By the end you should be able to size the silicon for a neural receiver, place ML inference correctly across UE / DU / CU / RIC, and build a small end-to-end demo on commodity SDR hardware.


The Wireless Chain and Where AI Plugs In

   Tx bits ──► Source ──► Channel ──► Modulator ──► Pulse shaping ──► RF ──► Antenna
              coding     coding      (QAM/OFDM)     + DAC          front-end   array
                                                                        Wireless channel
                                                                        (multipath, fading,
                                                                         interference, noise)
   Rx bits ◄── Source ◄── Channel ◄── Demod ◄── Equalize ◄── Channel ◄── ADC ◄── RF ◄────┘
              decode     decode      (soft       + sync       est.       front-end
                                      LLR)
                ▲          ▲            ▲          ▲           ▲
                │          │            │          │           │
            (NN decoder)(NN belief    (NN demap)(NN equal.)(NN channel
                        prop)                              est. — the
                                                           biggest win)

The blocks where ML has produced deployed or near-deployed wins, in order of maturity:

Block Classical method ML replacement Status (2026)
Channel estimation LS / LMMSE on pilots CNN / U-Net on pilot grid Deployed (Qualcomm, Samsung modems)
Demapping / soft LLRs Closed-form QAM demap MLP demapper per RE Field trials, 3GPP Rel-18 study
MIMO detection MMSE / sphere decoder DetNet / unfolded MMSE-Net Research → trials
Channel decoding (LDPC/Polar) BP / SC-L NN-aided BP, neural list decoder Research
Beam management Codebook sweep + RSRP CNN on CSI / vision-aided beam pred. 3GPP Rel-19 WI
End-to-end autoencoder PHY n/a Tx & Rx co-trained NNs Research only (no air-interface standard)
MAC scheduling Proportional fair, etc.
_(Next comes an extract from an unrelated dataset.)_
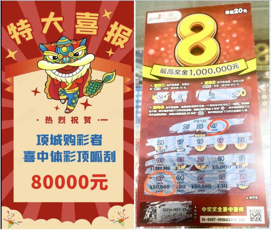 近日,周口項(xiàng)城市購(gòu)彩者張先生(化名)來(lái)到周口體彩分中心辦理了兌獎(jiǎng)手續(xù)。他刮的一張頂呱刮“超值8”即開(kāi)型彩票中得8萬(wàn)元大獎(jiǎng)。
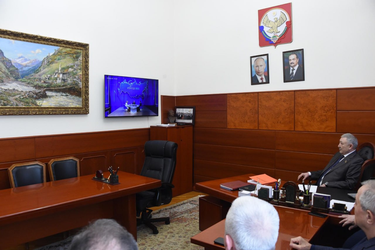 Вице-спикер парламента Сайгидахмед Ахмедов и депутаты Народного Собрания следят за трансляцией.

RL / contextual bandits O-RAN xApps deployed
RF impairment compensation Polynomial DPD NN-based DPD Deployed in flagship 5G PAs

The key insight: the closer to the antenna, the harder the latency budget. A neural channel estimator running per OFDM slot has ~125 µs (5G numerology 1) end-to-end including DMA. A RAN energy-saving xApp has minutes.


Part A — PHY-Layer ML

A.1 Neural channel estimation — the canonical case study

In 5G NR the UE/gNB inserts known DMRS (Demodulation Reference Signal) pilots into the resource grid. The classical estimator does least-squares on the pilot REs, then interpolates (linear, MMSE, Wiener) onto the data REs. The MMSE estimator is optimal if you know the channel covariance — which you don't, so deployed receivers use simplified Wiener filters tuned for "average" 3GPP channel profiles.

A learned estimator treats the pilot-grid → full-grid problem as image super-resolution:

Input  : tensor[num_pilots_freq × num_pilots_time × 2]   (real, imag)
                + noise variance estimate
Output : tensor[num_subcarriers × num_symbols × 2]       (estimated channel)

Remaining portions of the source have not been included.